--- Exercise prompt ---
For this listing, the lines between the one holding "Bij sommige drukke" and the one holding "Me paré y me", inclusive, must be set down exactly.

--- Extracted records ---
====================

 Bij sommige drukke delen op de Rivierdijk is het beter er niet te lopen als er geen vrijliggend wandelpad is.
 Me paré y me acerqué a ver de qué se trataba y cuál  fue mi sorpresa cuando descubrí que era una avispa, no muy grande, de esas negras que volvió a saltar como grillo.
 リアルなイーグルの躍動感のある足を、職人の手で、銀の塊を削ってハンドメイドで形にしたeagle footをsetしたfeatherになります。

====================

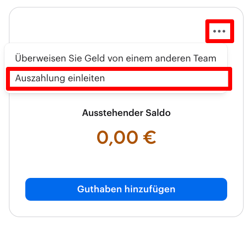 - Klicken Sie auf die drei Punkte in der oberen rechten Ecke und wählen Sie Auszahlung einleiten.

====================

--- Exercise result ---
 Bij sommige drukke delen op de Rivierdijk is het beter er niet te lopen als er geen vrijliggend wandelpad is.
 Me paré y me acerqué a ver de qué se trataba y cuál  fue mi sorpresa cuando descubrí que era una avispa, no muy grande, de esas negras que volvió a saltar como grillo.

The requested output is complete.